Henri Robert 1899年9月30日、フランス・グラース生まれ。フランソワ・コティに調香の手ほどきをしたシリス社の主任調香師のジョゼフ・ロベールを父に持つ。ジョゼフは、天然の原材料から100%純粋なフレグランスオイルを作る、革命的な溶剤抽出法の開発に大きく貢献した人物でした。

1921年7月にアンリは、父と同じくシリス社で調香師としてエルネスト・ボーアンリ・アルメラスと共に働き、腕を磨いてゆく。そして1923年にドルセーの「ル ダンディ」を調香し、1926年から1933年にかけてドルセーの専属調香師になりました。

1934年にフランソワ・コティの死後、コティの主任調香師になり、1936年に「ミュゲ デ ボワ」を調香する。時は過ぎ、第二次世界大戦が勃発した時、アメリカに移住し、ニューヨークで1940年から1943年まで引き続き、コティの調香師として働きました。

1954年にエルネスト・ボーの後を継ぎ、シャネルの二代目専属調香師として1955年にシャネル初の男性用フレグランスである「プール ムッシュウ」、1971年に「N°19」、1974年に「クリスタル」を調香しました。

そして1978年に三代目をジャック・ポルジュに継承し引退しました。
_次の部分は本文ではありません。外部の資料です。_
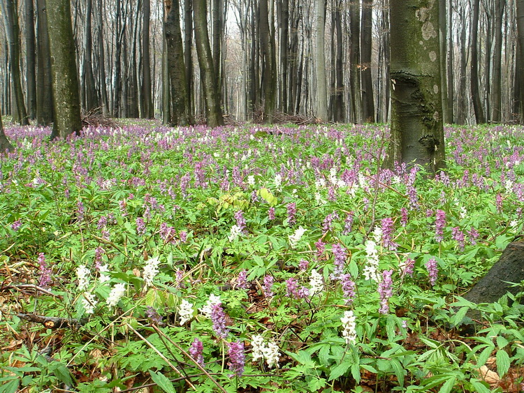 Tavasszal végeláthatatalan odvas keltike-mező borítja az erdő alját a Parajos-tető és a Kőris-hegy közötti nyeregben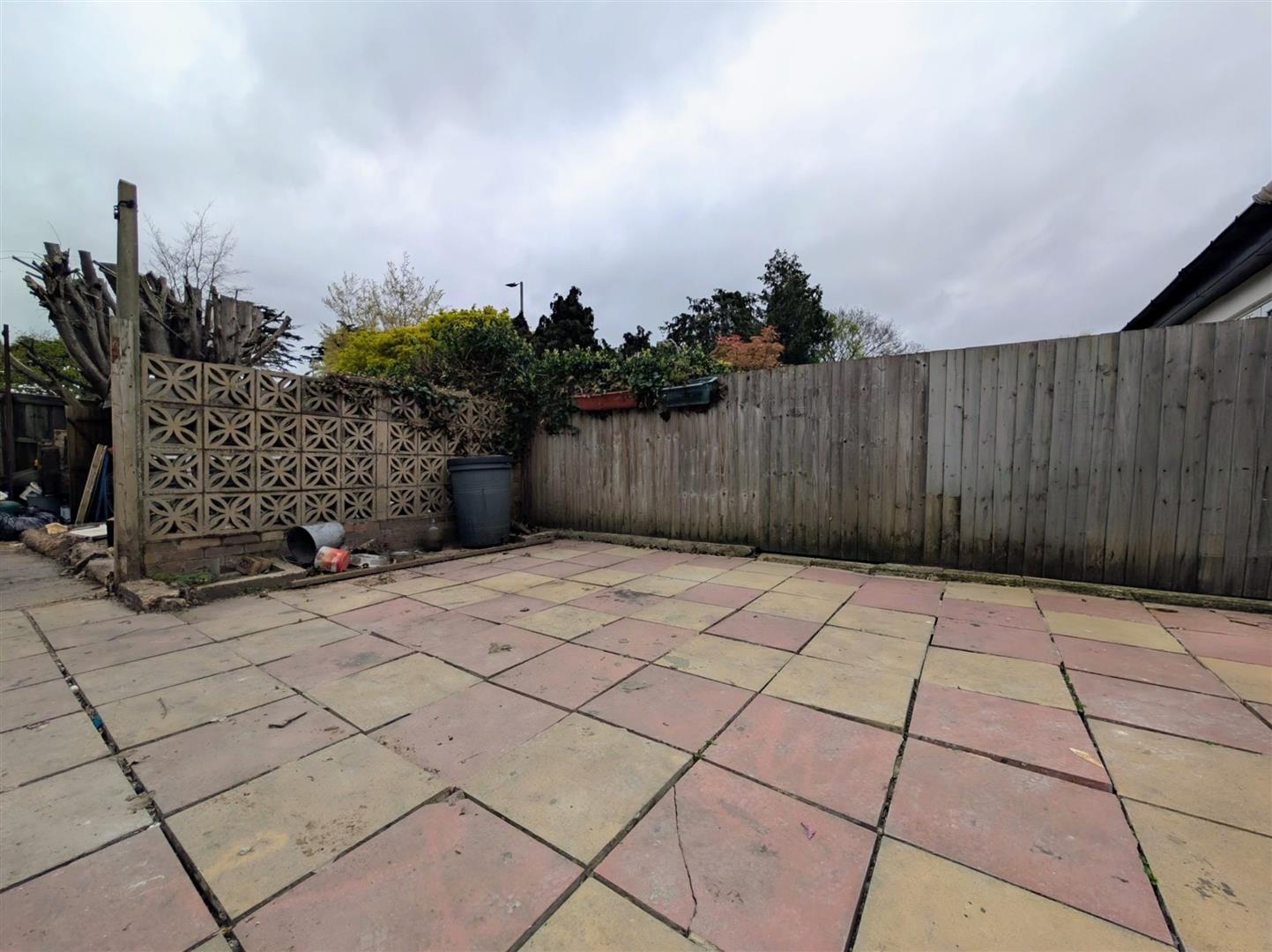 To the rear there is enclosed garden which has a large paved patio and storage sheds surrounded by fencing.

その後1987年7月7日に死去。エルメスの「カレーシュ」やアムアージュの「ゴールド」などの名香を生み出したギ・ロベール(1926-2012)の叔父でもあります。

代表作

ル ダンディ(1923)
ミュゲ デ ボワ(1936)
プール ムッシュウ(1955)
N°19(1971)
クリスタル(1974)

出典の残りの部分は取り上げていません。